Records from a data collection
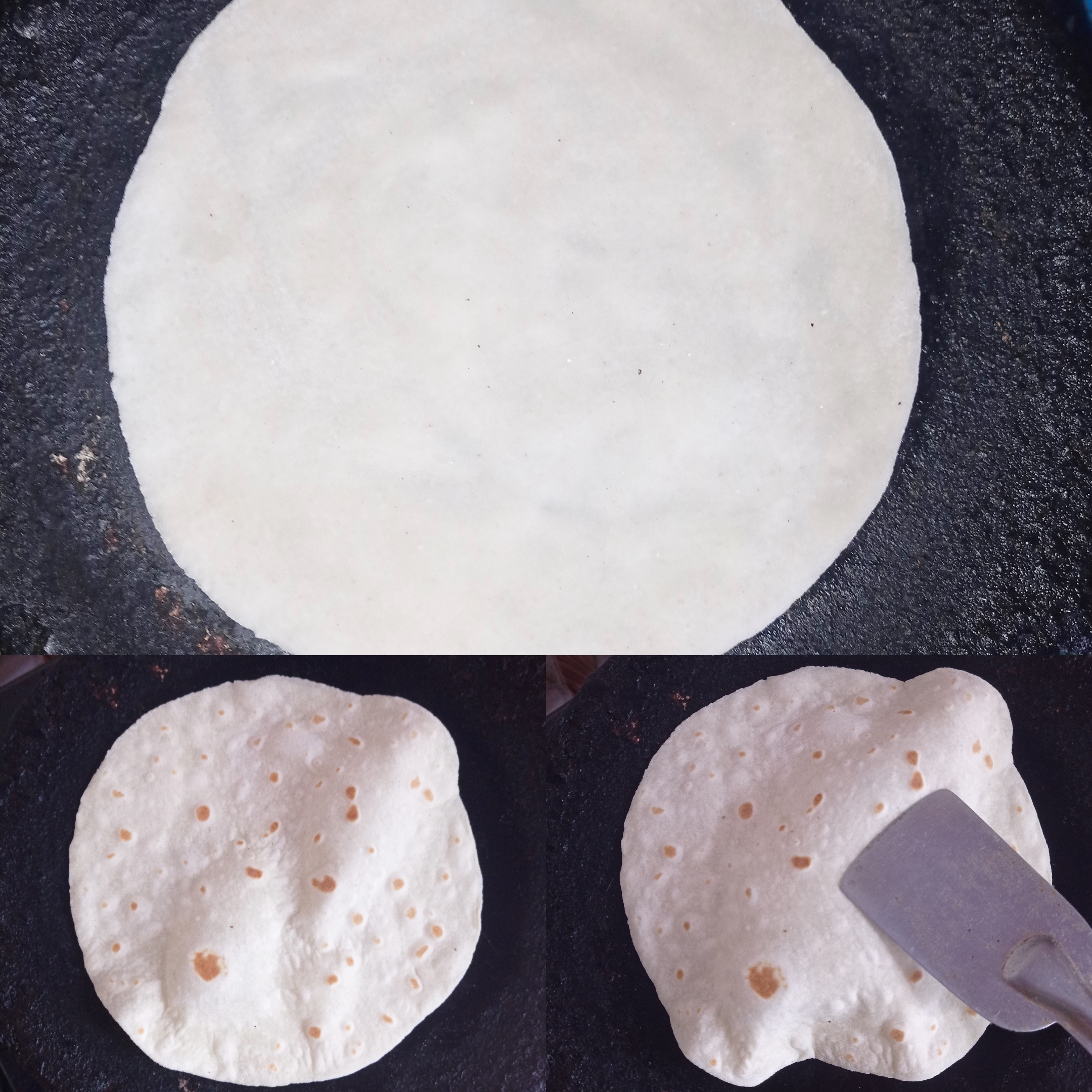 Then, when the paddha was fried, I took the prepared rotis and placed them back to back in the pan in the same way to make pitha.
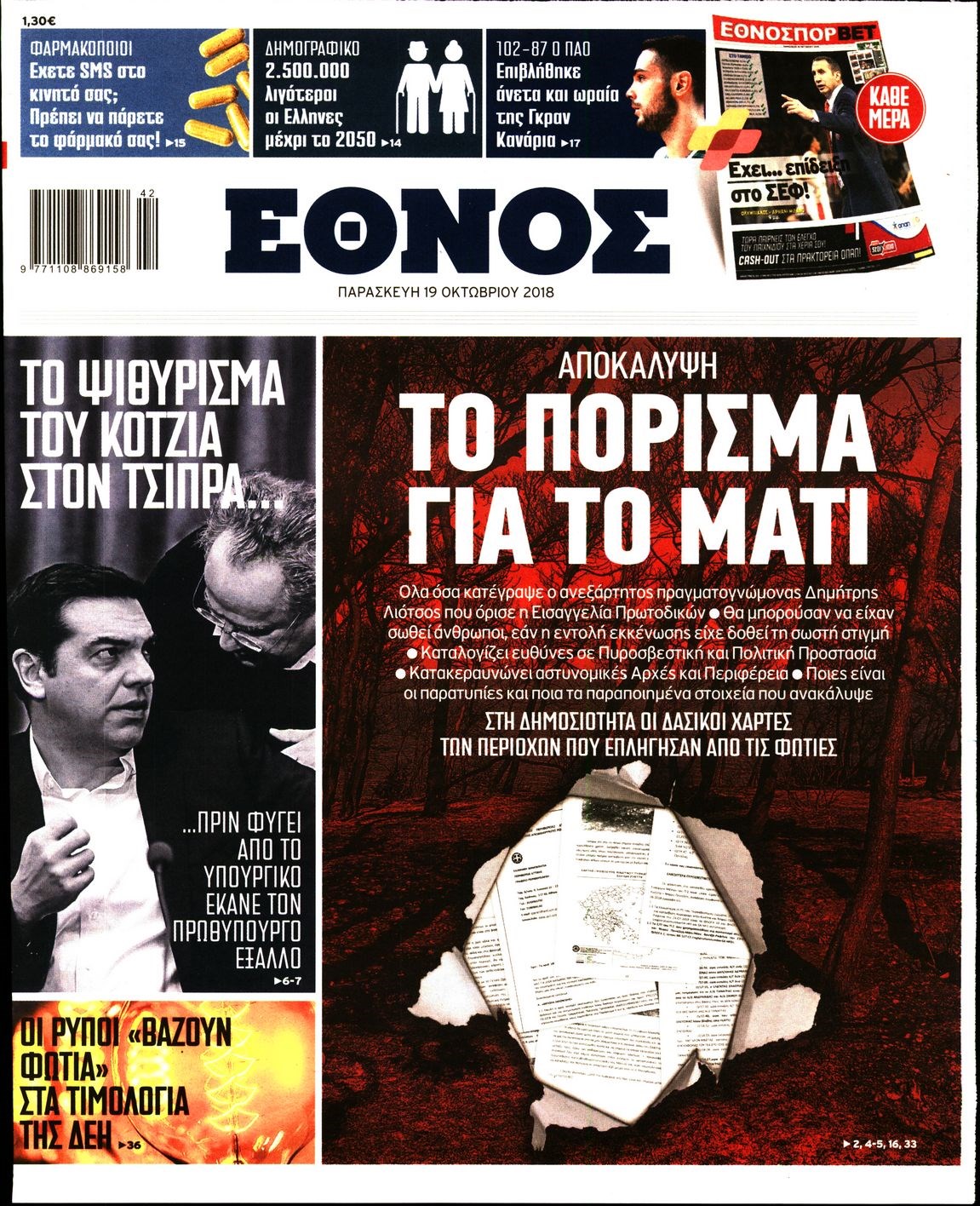 Οι πολιτικές εφημερίδες 19/10/2018 Enikos Newsroom 06:28, Παρασκευή 19 Οκτωβρίου 2018 Media Διαβάστε τα πρωτοσέλιδα: ΠΟΛΙΤΙΚΕΣ ΕΦΗΜΕΡΙΔΕΣ ΠΡΩΤΟΣΕΛΙΔΑ Μοιράσου το: σχολίασε κι εσύ (0 σχόλια) Ακολουθήστε το enikos.gr στο Google News και μάθετε πρώτοι όλες τις ειδήσεις Δείτε όλες τις τελευταίες ειδήσεις από την Ελλάδα και τον Κόσμο στο enikos.gr Ειδήσεις Ροή Ειδήσεων 1 ώρα πριν Γιορτές με μπλόκα για τους αγρότες: Ανοίγουν διόδια και μοιράζουν προϊόντα στους ταξιδιώτες 2 ώρες πριν Τα αρχεία του Έπσταϊν αποκαλύπτουν φωτογραφία του έκπτωτου πρίγκιπα Άντριου – Είναι ξαπλωμένος στην αγκαλιά 5 γυναικών 43 λεπτά πριν Νέες ταυτότητες: Μεγάλη αναμονή για ραντεβού στην Αττική – Τέλος τα ταξίδια εκτός Ελλάδος από τον Αύγουστο για όσους δεν έχουν αλλάξει 2 ώρες πριν Εξαφάνιση 33χρονου γιατρού στην Κρήτη: «Άναψα τα φώτα, τρόμαξε και άρχισε να τρέχει στα χωράφια» – Η τελευταία διαδρομή και η μαρτυρία «κλειδί» 3 ώρες πριν Ο «χάρτης» με τις αυξήσεις και τις φοροελαφρύνσεις του 2026 – Ποιοι και πόσα κερδίζουν 2 ώρες πριν Μία νέα «χρυσή» περίοδος αρχίζει για 3 ζώδια από σήμερα – «Μία αναπάντεχη ευκαιρία οδηγεί στην επιτυχία» 6 ώρες πριν Αυγά: Πόσα μπορείτε να τρώτε την ημέρα με ασφάλεια για μέγιστη πρόσληψη πρωτεΐνης 4 ώρες πριν Αρχαιολόγοι ανακάλυψαν σε χωράφι απεικόνιση 600 ετών ενός Αγίου – Τα στοιχεία που δείχνουν ότι μαρτύρησε 3 ώρες πριν Αγχώνεται για το χριστουγεννιάτικο δώρο που πήρε στην πλούσια σύντροφό του – «Φοβάμαι πως θα το βρει φθηνιάρικο, φοράει βραχιόλια Cartier» 3 λεπτά πριν Βούλα: Συνελήφθη 24χρονος με 69 κιλά ακατέργαστης κάνναβης – Κυκλοφορούσε με κλεμμένο αυτοκίνητο 12 λεπτά πριν «Η αγάπη δεν χάνεται ποτέ»: Η μικρού μήκους ταινία κινουμένων σχεδίων που θέτει ερωτήματα για τη ζωή και τον θάνατο 20 λεπτά πριν Στέφανος Παπαδόπουλος: Η συνέντευξη μετά τη μήνυση στον Γιώργο Μαζωνάκη – «Δεν θέλω να τα βρούμε εξωδικαστικά» 27 λεπτά πριν Τραγωδία στην άσφαλτο στα Χανιά: Νεκρός 37χρονος οδηγός ΙΧ – Τον βρήκαν ώρες μετά το τροχαίο 35 λεπτά πριν Τα Labubu «μετακομίζουν» στο Χόλιγουντ: Η Sony Pictures ετοιμάζει live-action ταινία με τον σκηνοθέτη του «Wonka» ENIKOS NETWORK Είστε μόνιμα απρόσεκτοι; 3 σημάδια που δείχνουν ότι μπορεί να είναι σύμπτωμα πάθησης Πόσα κιλά παίρνουμε πραγματικά τα Χριστούγεννα, σύμφωνα με την επιστήμη – Πώς να το αποτρέψουμε; e-ΕΦΚΑ και ΔΥΠΑ: Έρχονται νέες πληρωμές έως τις 24 Δεκεμβρίου – Ποιοι πάνε ταμείο Επίδομα παιδιού: Τι αλλάζει από το 2026 – Το όφελος από τις φορολογικές ελαφρύνσεις Χαρτογραφώντας το «σημείο χωρίς επιστροφή»: Για πρώτη φορά αποκαλύπτεται με λεπτομέρεια το ακανθώδες όριο της ατμόσφαιρας τ... Η Google καταργεί τη λειτουργία «dark web report» – Πώς θα μπορούν οι χρήστες να διαγράφουν τα δεδομένα τους περισσότερα 11:41 , Σάββατο 20 Δεκεμβρίου 2025 «Η αγάπη δεν χάνεται ποτέ»: Η μικρού μήκους ταινία κινουμένων σχεδίων που θέτει ερωτήματα για τη ζωή και τον θάνατο Ο θάνατος είναι ένα από τα πιο σκληρά θέματα που καλείται να διαχειριστεί κάποιος στη διάρκεια... 09:30 , Σάββατο 20 Δεκεμβρίου 2025 «Porto Leone: Στη γειτονιά με τα κόκκινα φανάρια» – Ο Χρόνης αποκαλύπτει στην Αλεξάνδρα το μυστικό για το παιδί της Λένας Η μεγάλη δραματική σειρά του Apha «Porto Leone: Στη γειτονιά με τα κόκκινα φανάρια» μας μεταφέ... 08:14 , Σάββατο 20 Δεκεμβρίου 2025 Τρομεροί γονείς: Η Μαρία Καβογιάννη εισβάλλει στο σπίτι της οικογένειας Στεφανίδη Όσα θα δούμε στο νέο διπλό επεισόδιο της σειράς «Τρομεροί γονείς», σήμερα Σάββατο 20 Δεκεμβ
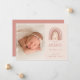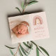 Um belo e sincero anúncio de nascimento para o seu bebê arco-íris apresenta um arco-íris desenhado à mão em cores de tom de terra inspiradas em boho, com o nome do "nosso arco-íris" e o nome do bebê, data de nascimento e estatísticas de natalidade por baixo. Personalize com uma foto em cada lado e adicione uma mensagem pessoal ao verso. Perfeito para os pequenos, bem-vindos depois de uma perda.
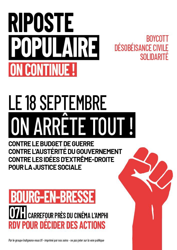Bourg-en-Bresse Mardi 16 septembre de 7h à 9h RV Carrefour de l’Europe (parking LIDL) pour distribution de tracts Jeudi 18 septembre 7h RV Champ de foire /Amphi pour décider d’une action locale Jeudi 18 septembre 12h00-14h00, rassemblement festif et revendicatif devant la préfecture. Prises de parole, entrevue avec la préfète et barbecue. A l’appel de l’ensemble des organisations syndicales. Jeudi 18 septembre 14h Départ en manif
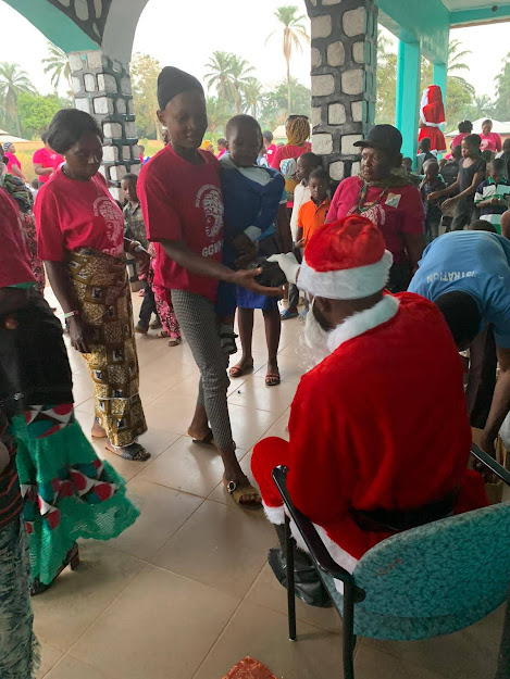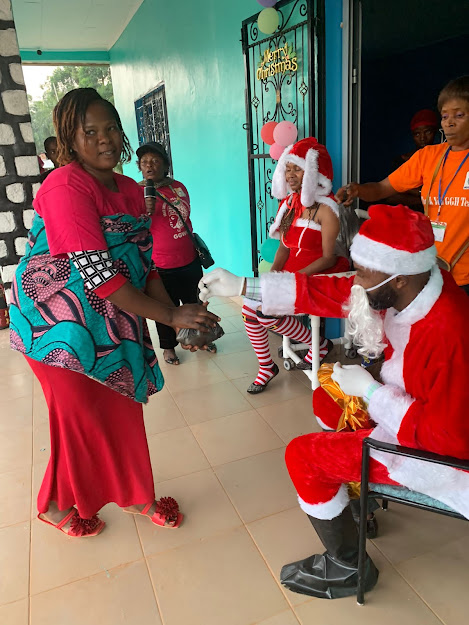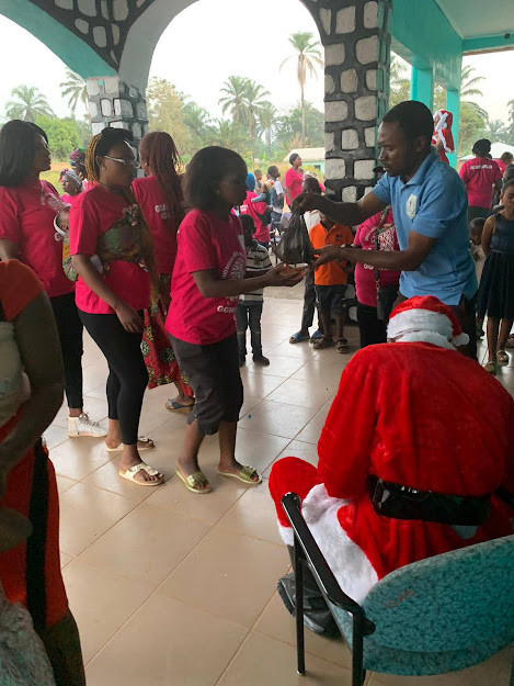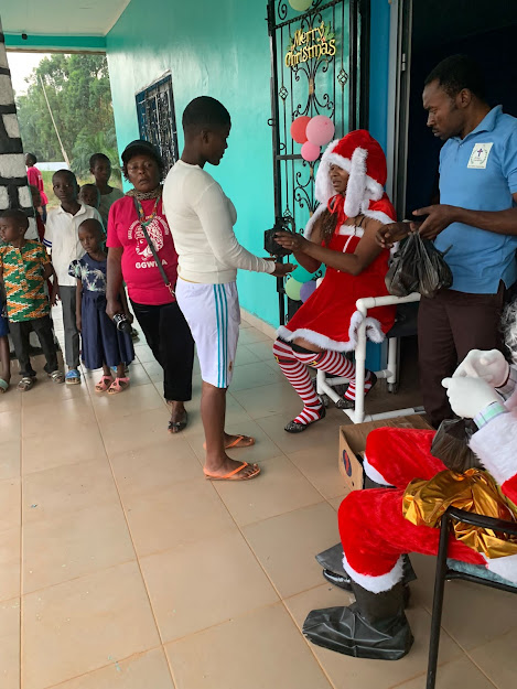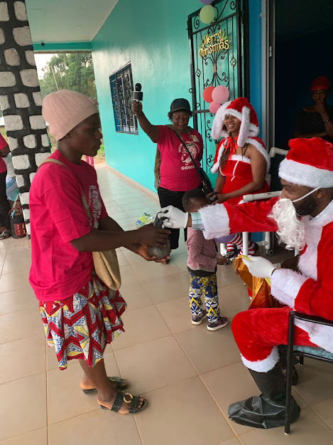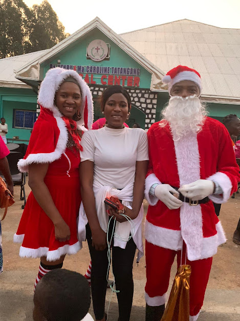 Nurse Emelda Posts as Mrs. Claus Santa gives soap, salt, maggie and toys Director helps Santa Mr. and Mrs. Claus Guest receives gift Santa came to Ndop Dr. Yongbang Valery as Santa Claus Mrs. Claus gives gifts to women and kids Mr. & Mrs. Claus bring smiles to the children of Ndop Santa in action

▶ [WORK REQUIRED]:
A verbatim printout of the entries above is expected, free of pictures.

▶ [EXPECTED OUTPUT]:
 Then, when the paddha was fried, I took the prepared rotis and placed them back to back in the pan in the same way to make pitha.
 Οι πολιτικές εφημερίδες 19/10/2018 Enikos Newsroom 06:28, Παρασκευή 19 Οκτωβρίου 2018 Media Διαβάστε τα πρωτοσέλιδα: ΠΟΛΙΤΙΚΕΣ ΕΦΗΜΕΡΙΔΕΣ ΠΡΩΤΟΣΕΛΙΔΑ Μοιράσου το: σχολίασε κι εσύ (0 σχόλια) Ακολουθήστε το enikos.gr στο Google News και μάθετε πρώτοι όλες τις ειδήσεις Δείτε όλες τις τελευταίες ειδήσεις από την Ελλάδα και τον Κόσμο στο enikos.gr Ειδήσεις Ροή Ειδήσεων 1 ώρα πριν Γιορτές με μπλόκα για τους αγρότες: Ανοίγουν διόδια και μοιράζουν προϊόντα στους ταξιδιώτες 2 ώρες πριν Τα αρχεία του Έπσταϊν αποκαλύπτουν φωτογραφία του έκπτωτου πρίγκιπα Άντριου – Είναι ξαπλωμένος στην αγκαλιά 5 γυναικών 43 λεπτά πριν Νέες ταυτότητες: Μεγάλη αναμονή για ραντεβού στην Αττική – Τέλος τα ταξίδια εκτός Ελλάδος από τον Αύγουστο για όσους δεν έχουν αλλάξει 2 ώρες πριν Εξαφάνιση 33χρονου γιατρού στην Κρήτη: «Άναψα τα φώτα, τρόμαξε και άρχισε να τρέχει στα χωράφια» – Η τελευταία διαδρομή και η μαρτυρία «κλειδί» 3 ώρες πριν Ο «χάρτης» με τις αυξήσεις και τις φοροελαφρύνσεις του 2026 – Ποιοι και πόσα κερδίζουν 2 ώρες πριν Μία νέα «χρυσή» περίοδος αρχίζει για 3 ζώδια από σήμερα – «Μία αναπάντεχη ευκαιρία οδηγεί στην επιτυχία» 6 ώρες πριν Αυγά: Πόσα μπορείτε να τρώτε την ημέρα με ασφάλεια για μέγιστη πρόσληψη πρωτεΐνης 4 ώρες πριν Αρχαιολόγοι ανακάλυψαν σε χωράφι απεικόνιση 600 ετών ενός Αγίου – Τα στοιχεία που δείχνουν ότι μαρτύρησε 3 ώρες πριν Αγχώνεται για το χριστουγεννιάτικο δώρο που πήρε στην πλούσια σύντροφό του – «Φοβάμαι πως θα το βρει φθηνιάρικο, φοράει βραχιόλια Cartier» 3 λεπτά πριν Βούλα: Συνελήφθη 24χρονος με 69 κιλά ακατέργαστης κάνναβης – Κυκλοφορούσε με κλεμμένο αυτοκίνητο 12 λεπτά πριν «Η αγάπη δεν χάνεται ποτέ»: Η μικρού μήκους ταινία κινουμένων σχεδίων που θέτει ερωτήματα για τη ζωή και τον θάνατο 20 λεπτά πριν Στέφανος Παπαδόπουλος: Η συνέντευξη μετά τη μήνυση στον Γιώργο Μαζωνάκη – «Δεν θέλω να τα βρούμε εξωδικαστικά» 27 λεπτά πριν Τραγωδία στην άσφαλτο στα Χανιά: Νεκρός 37χρονος οδηγός ΙΧ – Τον βρήκαν ώρες μετά το τροχαίο 35 λεπτά πριν Τα Labubu «μετακομίζουν» στο Χόλιγουντ: Η Sony Pictures ετοιμάζει live-action ταινία με τον σκηνοθέτη του «Wonka» ENIKOS NETWORK Είστε μόνιμα απρόσεκτοι; 3 σημάδια που δείχνουν ότι μπορεί να είναι σύμπτωμα πάθησης Πόσα κιλά παίρνουμε πραγματικά τα Χριστούγεννα, σύμφωνα με την επιστήμη – Πώς να το αποτρέψουμε; e-ΕΦΚΑ και ΔΥΠΑ: Έρχονται νέες πληρωμές έως τις 24 Δεκεμβρίου – Ποιοι πάνε ταμείο Επίδομα παιδιού: Τι αλλάζει από το 2026 – Το όφελος από τις φορολογικές ελαφρύνσεις Χαρτογραφώντας το «σημείο χωρίς επιστροφή»: Για πρώτη φορά αποκαλύπτεται με λεπτομέρεια το ακανθώδες όριο της ατμόσφαιρας τ... Η Google καταργεί τη λειτουργία «dark web report» – Πώς θα μπορούν οι χρήστες να διαγράφουν τα δεδομένα τους περισσότερα 11:41 , Σάββατο 20 Δεκεμβρίου 2025 «Η αγάπη δεν χάνεται ποτέ»: Η μικρού μήκους ταινία κινουμένων σχεδίων που θέτει ερωτήματα για τη ζωή και τον θάνατο Ο θάνατος είναι ένα από τα πιο σκληρά θέματα που καλείται να διαχειριστεί κάποιος στη διάρκεια... 09:30 , Σάββατο 20 Δεκεμβρίου 2025 «Porto Leone: Στη γειτονιά με τα κόκκινα φανάρια» – Ο Χρόνης αποκαλύπτει στην Αλεξάνδρα το μυστικό για το παιδί της Λένας Η μεγάλη δραματική σειρά του Apha «Porto Leone: Στη γειτονιά με τα κόκκινα φανάρια» μας μεταφέ... 08:14 , Σάββατο 20 Δεκεμβρίου 2025 Τρομεροί γονείς: Η Μαρία Καβογιάννη εισβάλλει στο σπίτι της οικογένειας Στεφανίδη Όσα θα δούμε στο νέο διπλό επεισόδιο της σειράς «Τρομεροί γονείς», σήμερα Σάββατο 20 Δεκεμβ
 Um belo e sincero anúncio de nascimento para o seu bebê arco-íris apresenta um arco-íris desenhado à mão em cores de tom de terra inspiradas em boho, com o nome do "nosso arco-íris" e o nome do bebê, data de nascimento e estatísticas de natalidade por baixo. Personalize com uma foto em cada lado e adicione uma mensagem pessoal ao verso. Perfeito para os pequenos, bem-vindos depois de uma perda.
Bourg-en-Bresse Mardi 16 septembre de 7h à 9h RV Carrefour de l’Europe (parking LIDL) pour distribution de tracts Jeudi 18 septembre 7h RV Champ de foire /Amphi pour décider d’une action locale Jeudi 18 septembre 12h00-14h00, rassemblement festif et revendicatif devant la préfecture. Prises de parole, entrevue avec la préfète et barbecue. A l’appel de l’ensemble des organisations syndicales. Jeudi 18 septembre 14h Départ en manif
 Nurse Emelda Posts as Mrs. Claus Santa gives soap, salt, maggie and toys Director helps Santa Mr. and Mrs. Claus Guest receives gift Santa came to Ndop Dr. Yongbang Valery as Santa Claus Mrs. Claus gives gifts to women and kids Mr. & Mrs. Claus bring smiles to the children of Ndop Santa in action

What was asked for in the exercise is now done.